Hansjörg Höltkemeier, Member of the Managing Board of the Deutsche Klassenlotterie Berlin, President, European Lotteries (EL)

Hansjörg Höltkemeier

Member of the Managing Board of the Deutsche Klassenlotterie Berlin

President, European Lotteries (EL)

 

Regarding the Covid-Pandemic, a German historian observed: “The experience that the unthinkable has become conceivable - this will change our lives.”

 

How will the world be different, when we come out of crisis? And how do we – as lotteries – have to react?

 

First: It is still difficult to predict the sustainable changes.

Whereas certain segments of the gambling industry are expected to be affected, the lottery market might not be hit that hard, as people tend to fall back to their former behavior.

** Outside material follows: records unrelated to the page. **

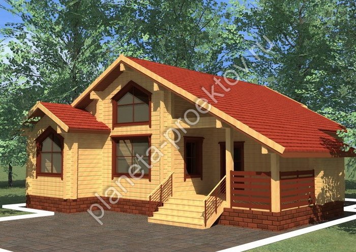 Компактный, но при этом вместительный и комфортабельный коттедж подойдет для постоянного проживания небольшой семьи из 3-4 человек. Внешний облик строения отличается простотой и привлекательностью. Весьма удачным оказывается запланированное цветовое решение: крыша, оконные рамы, перила крыльца и террасы вступают в яркий цветовой контраст со стенами. Внутренняя планировка предусматривает наличие всех необходимых для комфортабельного проживания помещений. Рядом со входом расположен тамбур и гардероб. Кухня и столовая объединены в одно помещение, что позволяет использовать пространство более рационально. Гостиная располагается в центре, а из неё открывается доступ к другим помещениям: трем спальням. Если вам понравилась данная разработка, но вас интересуют проекты одноэтажных домов из бруса с гаражом, наши специалисты могут усовершенствовать готовое решение, дополнив его гаражной пристройкой.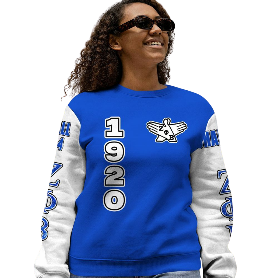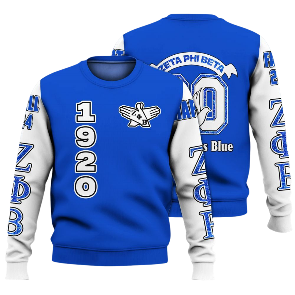 Zeta phi Beta Crewneck เสื้อสเวตเชิ้ตผู้หญิง1920กรีกชุดปักสีฟ้า sorority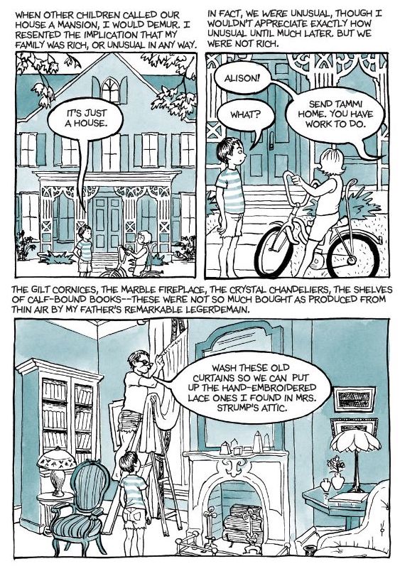 Subtitled ‘A Family Tragicomic’, Fun Home is a graphic novel recounting the story of Alison Bechdel coming out as a lesbian. Told in non-chronological flashbacks to her childhood in Beech Creek, a small rural town tucked into the Allegheny Mountains, Pennsylvania, the story is also a way of Bechdel making sense of her father’s death by comparing his life to her own. Throughout the novel, Bechdel works through her difficult childhood relationship with her father, Bruce, and her gradual discovery that he, too, harboured secrets from Bechdel, her mother and siblings. Bechdel remembers her father’s impatience, how quick he was to lash out in punishment, and how insecure he felt about his appearance. Although to the rest of the community, the Bechdel household represented the ideal ‘nuclear family’, her father’s secrets would come to undermine everything Bechdel thought she believed and risked making her childhood memories nothing more than a sham.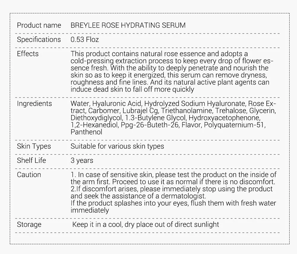 Увлажняющая сыворотка для лица BREYLEE Rose, глубокое питание, увла...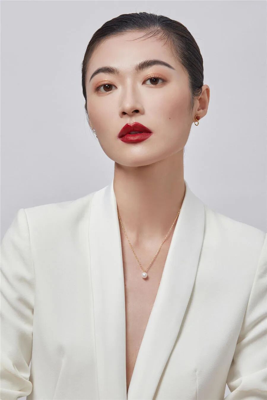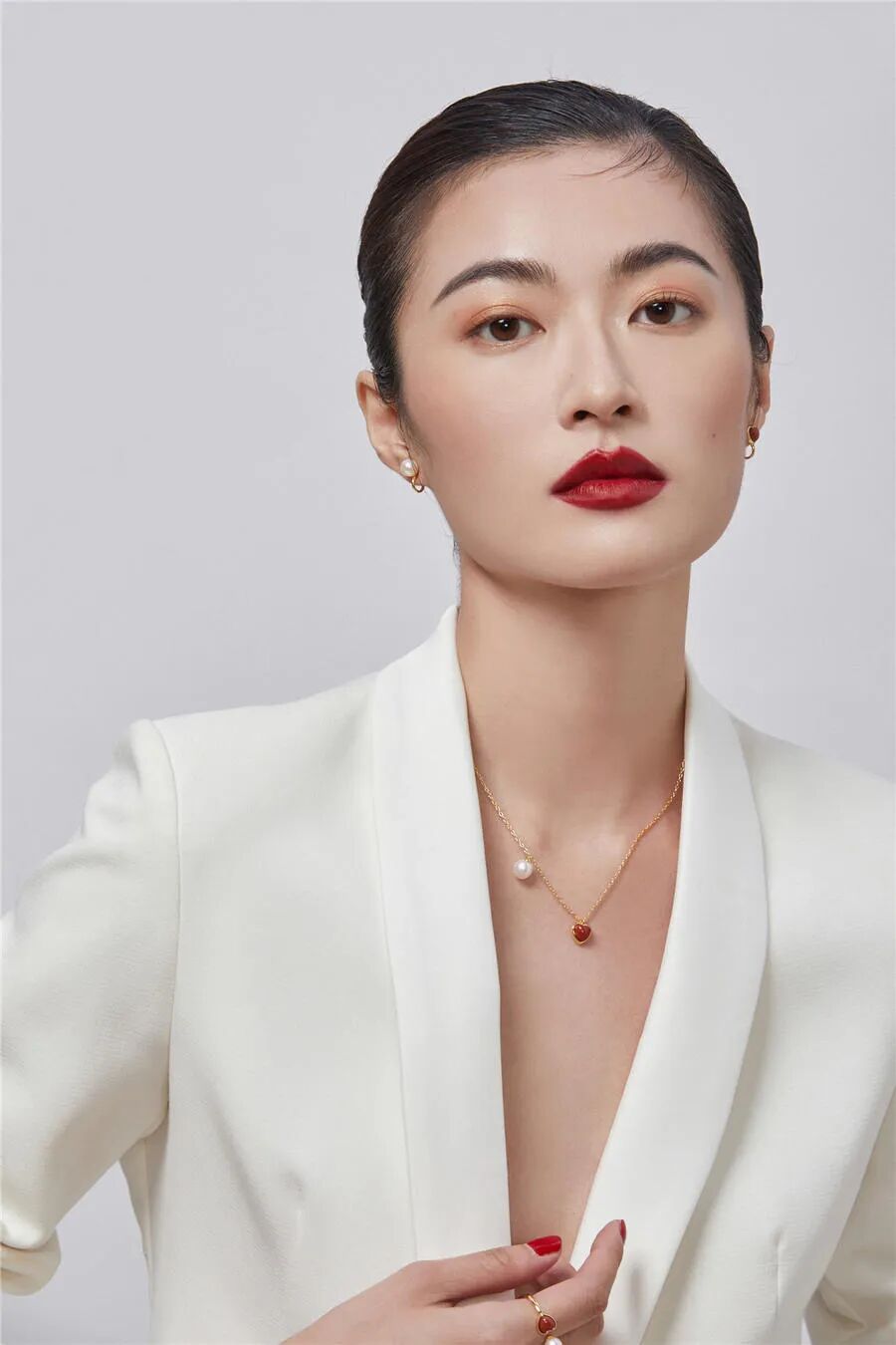 這條“小金心+珍珠”的項鍊和上面的耳環設計思路很像,能解鎖不同的戴法,還可以當手鏈。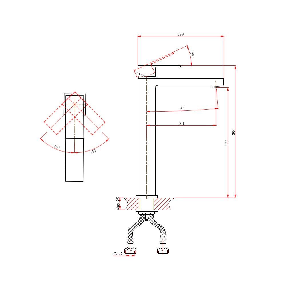 - Гибкая подводка 40 см идёт в комплекте для быстрой установки.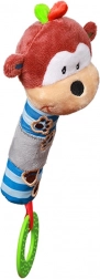 Dit pluche piepspeeltje met bijtring van BABY ONO in de vorm van een vrolijk aapje is ontworpen voor kleine handjes. Bij schudden of indrukken geeft het een zacht piepgeluid dat kinderen motiveert om te ontdekken. De getextureerde bijtring verlicht gevoelig tandvlees tijdens het doorkomen van tandjes.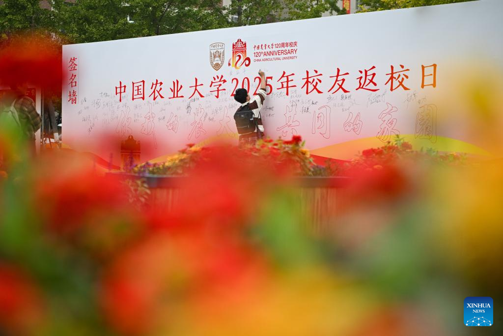 This photo taken on Oct. 16, 2025 shows the signature wall for home-coming alumni on the occasion of the 120th anniversary of the founding of China Agricultural University in Beijing, capital of China. The China Agricultural University on Thursday hosted a series of events to mark the 120th anniversary of its founding. (Xinhua/Chen Zhonghao)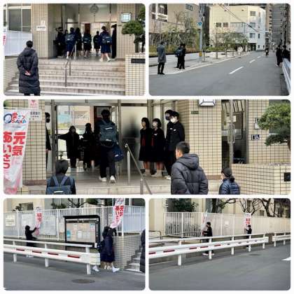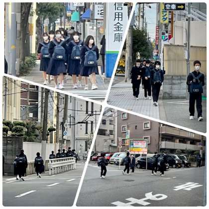 登校時の様子です。毎朝、教職員が手分けして登校指導にあたっています。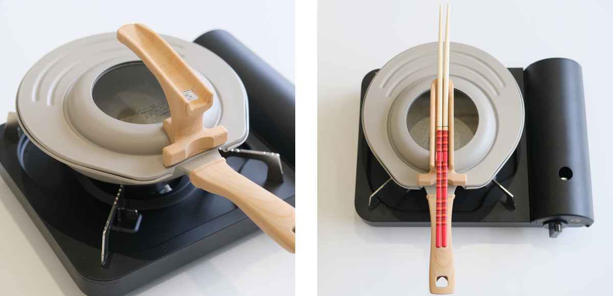 ●菜箸をハンドル部分に置ける設計で、調理中も置き場所に困りません。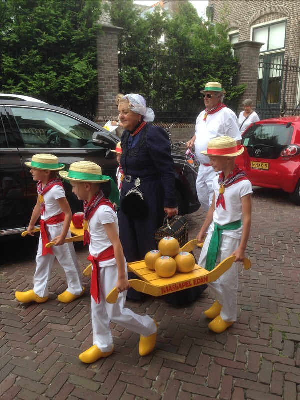 Vi kom lagom till detta ostspektakel skulle börja. En folkfest där vi först tågade med i en parad där de i täten bar på ostar, klädda i någon form av gammal folkdräkt och med en orkester som spelade. Och när vår vandring var över så bjöds vi på ett skådespel där man visade hur det gick till på marknaden förr i tiden. Edam var knökfull med åskådare och det var ditresta turister från hela europa till synes. Att ost kan locka så mycket människor hade vi ingen aning om.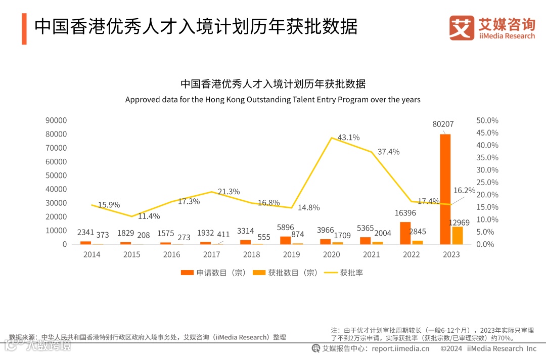 2023年,中国香港各项输入人才计划展现出强劲吸引力,其中,优秀人才入境计划(优才计划)接收80207宗新申请,成功批准12969宗;输入内地人才计划接获22411宗申请,19757宗获批。2023年,中国香港各项输入人才计划共计吸引22万宗新申请,约有13.5万宗获批,整体获批率约为61.3%。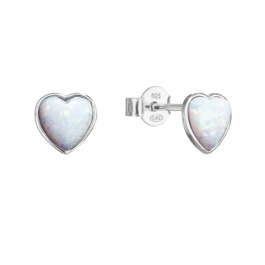 Strieborné náušnice kôstky so syntetickým opálom biele srdce 11337.1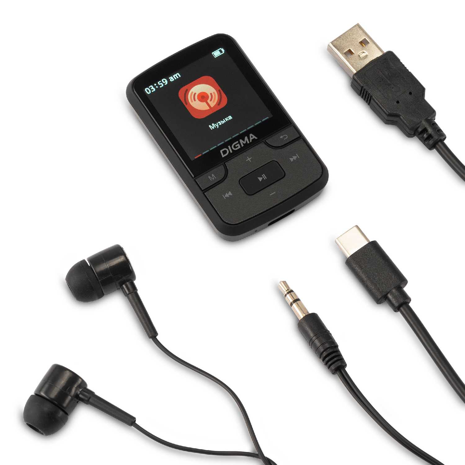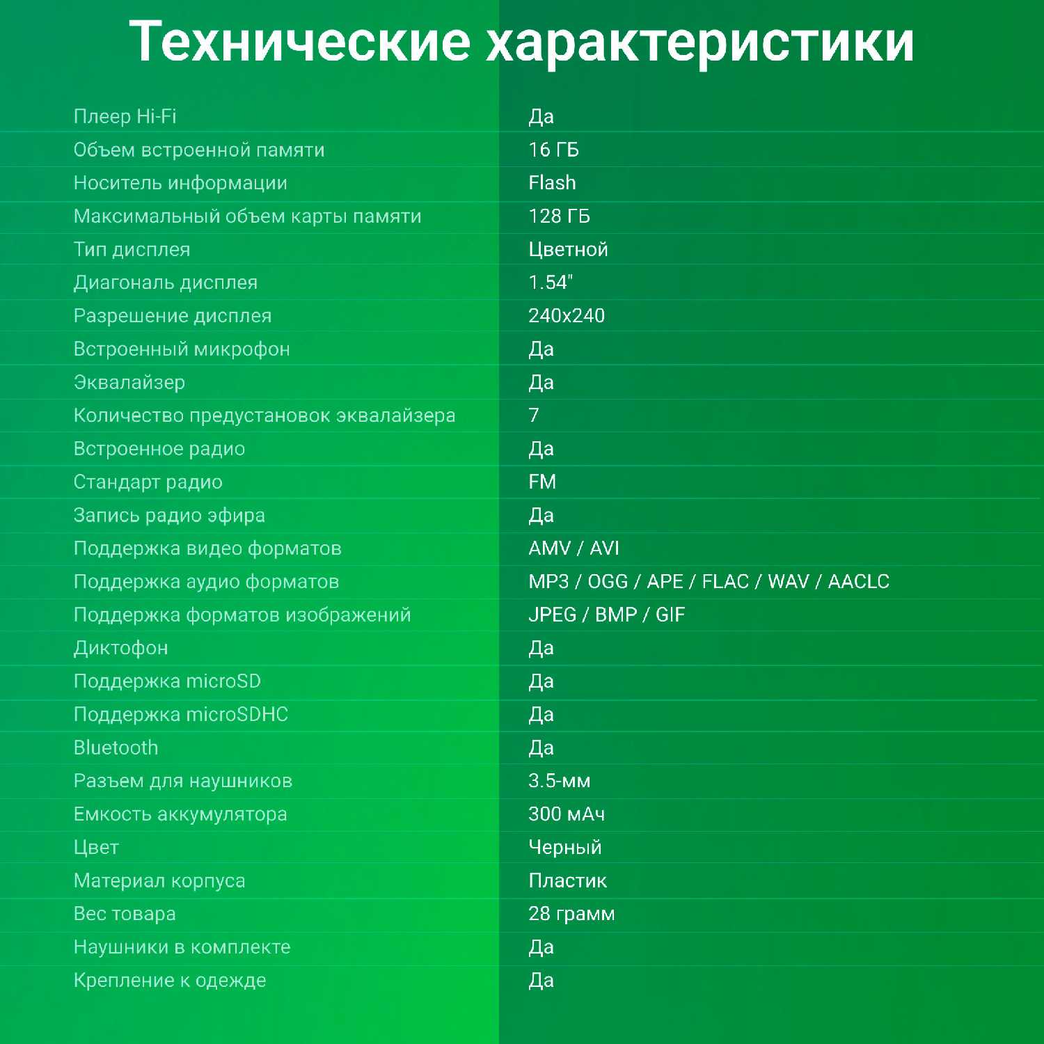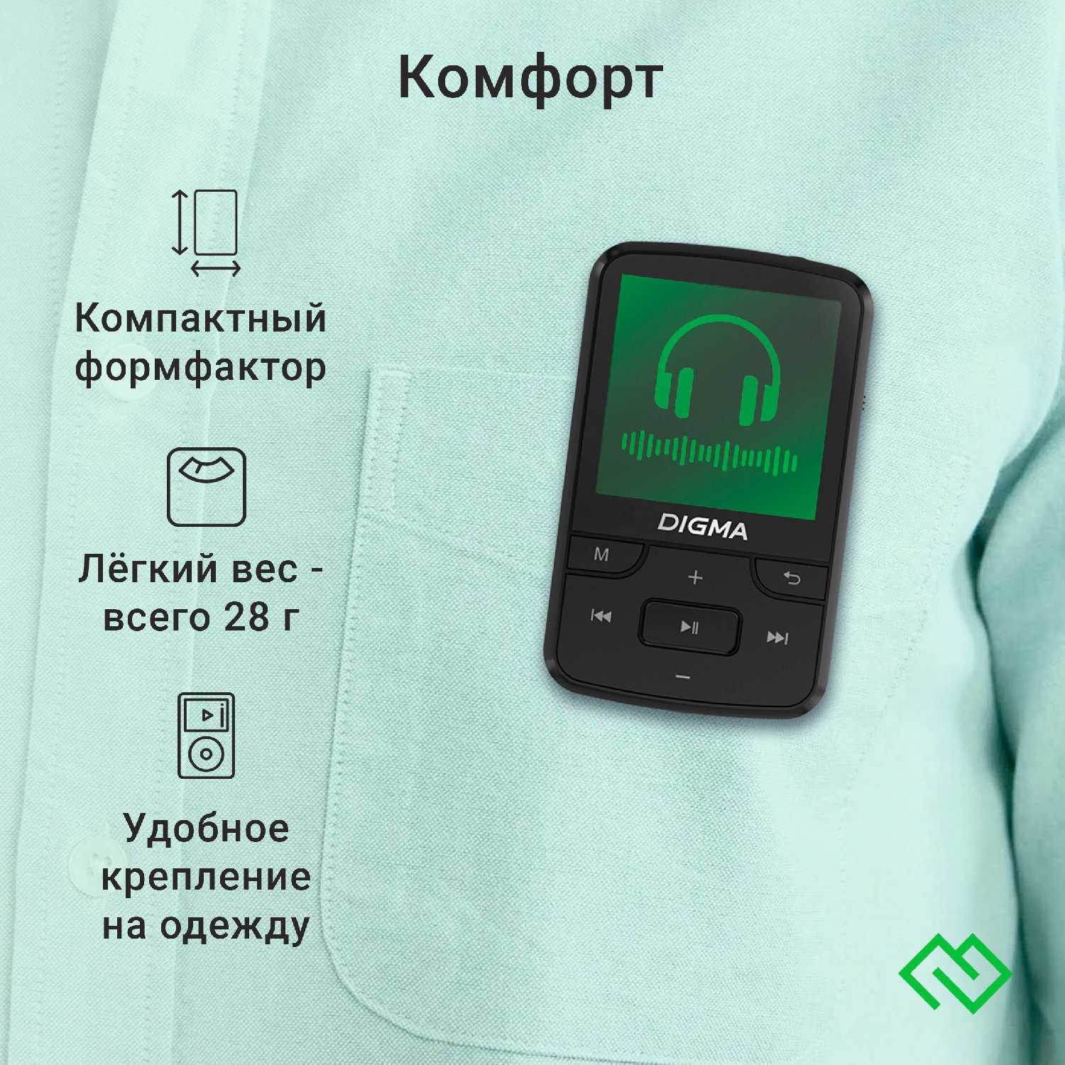 - Габариты 6×4 см и вес 28 г позволяют незаметно носить плеер на одежде или в кармане.

Second: Nevertheless, we learned a lot and we as lotteries shouldn´t just fall back into former behavior.

 

Undoubtedly, the pandemic will keep us busy for some time to come, as Covid-19 is hitting the economies of almost every country in the world. Our way of personal interaction will change, and very probably the changes will extend even after the virus has been contained – fewer personal meetings, less business travel, no more handshakes.  And I believe there will be fewer large gathering events such as spectator sports events and there will be strict conditions to minimize the risks of spreading germs.  It is easy to predict that these circumstances will further drive the trend towards digitalisation and new formats that enable digitized “virtual” interaction. Players, that made good experiences with digital platforms in the phase of lockdown and social distancing might not come back to the shops again and we will meet higher expectations in the digital channel.

 

A more granular look at the precise effects that these changes will have on the way that society functions reveals that our lottery industry may not be impacted as directly or dramatically as I originally thought it would.

 

Lotteries are a service that is less dependent on physical value chains. And to play the lottery or, more precisely, to buy a lottery ticket, is in most cases a single transaction with a single player.  Even in those jurisdictions where online-sales are still not allowed, this shouldn´t be a problem, as long as there is a strong subscription-business and the shops are allowed to stay open and to sell under conditions that guard against contagion.  

 

Some lotteries have been severely impacted by closed shops or even closed operations, as in Italy or Spain.  This is dramatic, but even then, it should be easier to reopen and re-start an existing infrastructure than to restart a physical production-inventory-delivery process.  The same applies to sports betting and casino operations, both land-based and online. Operators which already had a robust business of connecting players via their shops or via digital channels are surviving the pandemic.  I am optimistic that the lottery industry will overcome the direct impacts of the crisis with little disruption or damage. 

 

As many states and jurisdictions start to reopen shops and facilities, it may feel like “the worst is over” and that we will slowly go back to normal. But many are predicting that the virus will stay for a long time or even return, which means the longer-term economic effects might be the next challenge. 

 

Lotteries are played from a person´s “entertainment-budget” and this depends on the player having an actual income and being able to budget for the future. Now, with millions of unemployed, entire sectors of the economy shut down, flare-ups in countries that thought they had eradicated the virus like Singapore, Korea, and maybe China, and no timeline for vaccine and no clear vision for how to contain the virus – it is hard to know what the long-term economic effect will be.  As the players face economic uncertainty, discretionary income for lottery will likely decline.  And responsible operators will be expected to not push consumers to spend more of their limited budget on lottery.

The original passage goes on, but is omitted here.